NAME/field2/field3/field4/

POINT/field2/field3/field4/field5/field6/field7/

POINT/field2/field3/field4/field5/field6/field7/

POINT/field2/field3/field4/field5/field6/field7/

etc.



The second file has a format of:

UNIT:field2:field3:field4:field5:field6:field7

UNIT:field2:field3:field4:field5:field6:field7

UNIT:field2:field3:field4:field5:field6:field7

etc.





I'm very new to PERL and a friend suggested that instead of using EXCEL macro to do this, I should use PERL (since some locations I'll be using the files will not have EXCEL available, but PERL is). I'd like to give it a try.

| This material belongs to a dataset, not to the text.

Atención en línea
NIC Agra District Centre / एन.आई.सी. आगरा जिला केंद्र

What I need to do is concatenate information from the Second file into those lines in the First file that begin with NAME. For example, I need to check and see if NAME in the first file matches a UNIT in the second File and then conactenate NAME[field3] with UNIT[field6]. I need to output a new file that contains the NAME lines that have been cancatenated and all of the POINT lines (nothing happens with them) in order. I'm not sure if I need to try and read both files into arrays (I'm having a hard time understanding their set up) or only the second one and just read one line at a time from the first file and output each line; making changes to the NAME lines as I go.

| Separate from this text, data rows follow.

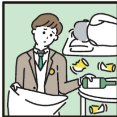
アルコール・薬物・ギャンブル問題を抱える家族に対応している。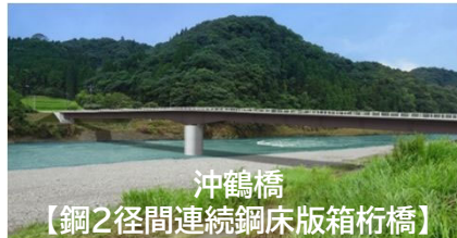
沖鶴橋 【鋼2径間連続鋼床版箱桁橋】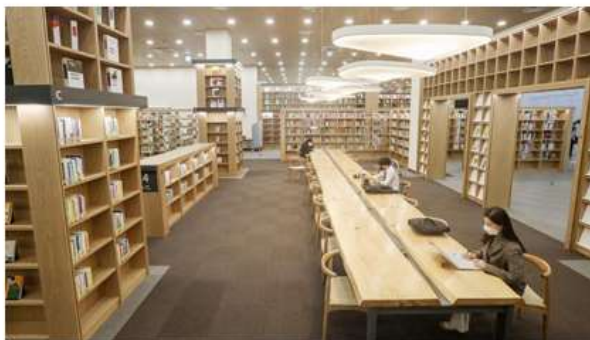
ภาพห้องอ่านหนังสือทั่วไป

Any ideas to point me in the right direction would be greatly appreciated.



Thank you,



Jay Spry


rGeoffrey
User / Moderator

May 1, 2002, 10:07 AM

Post #2 of 13 (2774 views)
Re: [jayspry] modify data between two files [In reply to] Can't Post

Since you are writing file one with modifications it makes sense to read file two first and hold on to its data and then read file one exactly once and print out each line as you get it. This would not be a good plan if file two is huge and it would cause problems holding it in memory. Here is a script that does it...


Code
#!/usr/local/bin/perl 

use strict;

my $unitfile = 'source.txt';
my $startfile = 'start.txt';
my $endfile = 'end.txt';

my %units;
open (SOURCE, $unitfile) or die "could not read from '$unitfile', $!";
while (my $line = <SOURCE>) {
chomp $line;
my @line = split (':', $line);
$units{$line[0]} = \@line;
}
close SOURCE;


open (IN, $startfile) or die "could not read from '$startfile', $!";
open (OUT, ">$endfile") or die "could not write to '$endfile', $!";
while (my $line = <IN>) {
chomp $line;
my @line = split ('/', $line);

if (exists ($units{$line[0]})) {
$line[2] .= $units{$line[0]}[5];
print OUT join ('/', @line), "\n";
} else {
print OUT $line, "\n";
}
}
close IN;
close OUT;


We start by reading the file you want to steal from. For each line we chomp the newline off the end and then split it into an array of the separate fields. Then we use the first value as a key in a hash of arrays so we can find the data again later. It is important to note that I declare @line inside the while loop so each value in the hash will be different. If you accidentally delare @line outside the loop, then each entry in the hash will have a pointer to the exact same array, and it will hold the values from the last pass through the while loop.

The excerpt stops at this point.